So for example for Exchange Rate data -> Argentine Pesto -> Annual Frequency, the URL query would be the following:
https://demo.metadatatechnology.com/FusionRegistry/ws/public/sdmxapi/rest/data/ECB,EXR,1.0/A.ARS....
However, as we only want to show the series information, we do not need every observations for each the series. We do want to display the last observation date and observation value, so we will ask only for the last observation to be included:
https://demo.metadatatechnology.com/FusionRegistry/ws/public/sdmxapi/rest/data/ECB,EXR,1.0/A.ARS....?lastNObservations=1
This is the simple case. What about the case where the query is far too large, Census hypercubes for example can contain millions of series.

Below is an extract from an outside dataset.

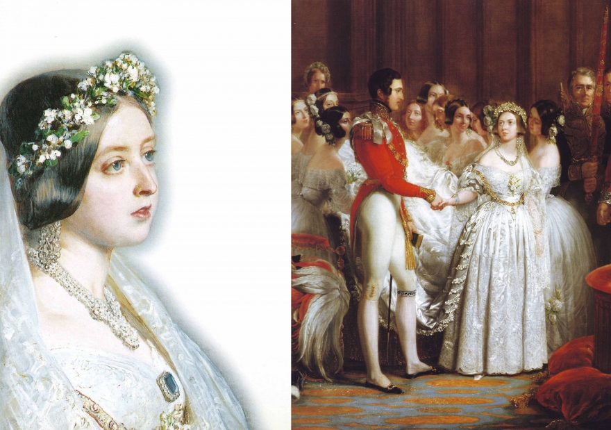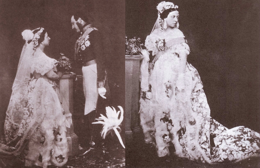 Стоит начать говорить о свадебных традициях, как в первую очередь приходится упомянуть королеву Викторию. И во вторую очередь. И в третью. Белое свадебное платье? 1840 год, подвенечное платье Виктории, из белого атласа и кружев Хонитон, задавшее мировой стандарт на последующие полтора века. Марш Мендельсона? 1858 год, специально написан для бракосочетания дочери Виктории. Свадебные фотографии? Опять Виктория, в 1854 году, спустя 14 лет после свадьбы, повторившая церемонию специально для того, чтобы воспользоваться новомодным изобретением. Фотокарточки Виктории и Альберта в свадебных нарядах разошлись по всей Европе, и уже к 1860-м станет модно публиковать в газетах подробные отчеты об аристократических свадьбах с описанием одежды невесты, жениха и гостей.

When the data is too large, a maximum series limit is requested:
https://demo.metadatatechnology.com/FusionRegistry/ws/public/sdmxapi/rest/data/ECB,EXR,1.0/all?lastNObservations=1&max=200
This tells the server to execute the query by only output the first 200 series. There is no way to define how series are ordered, so the first 200 series does not guarentee in which sequence the series will come back.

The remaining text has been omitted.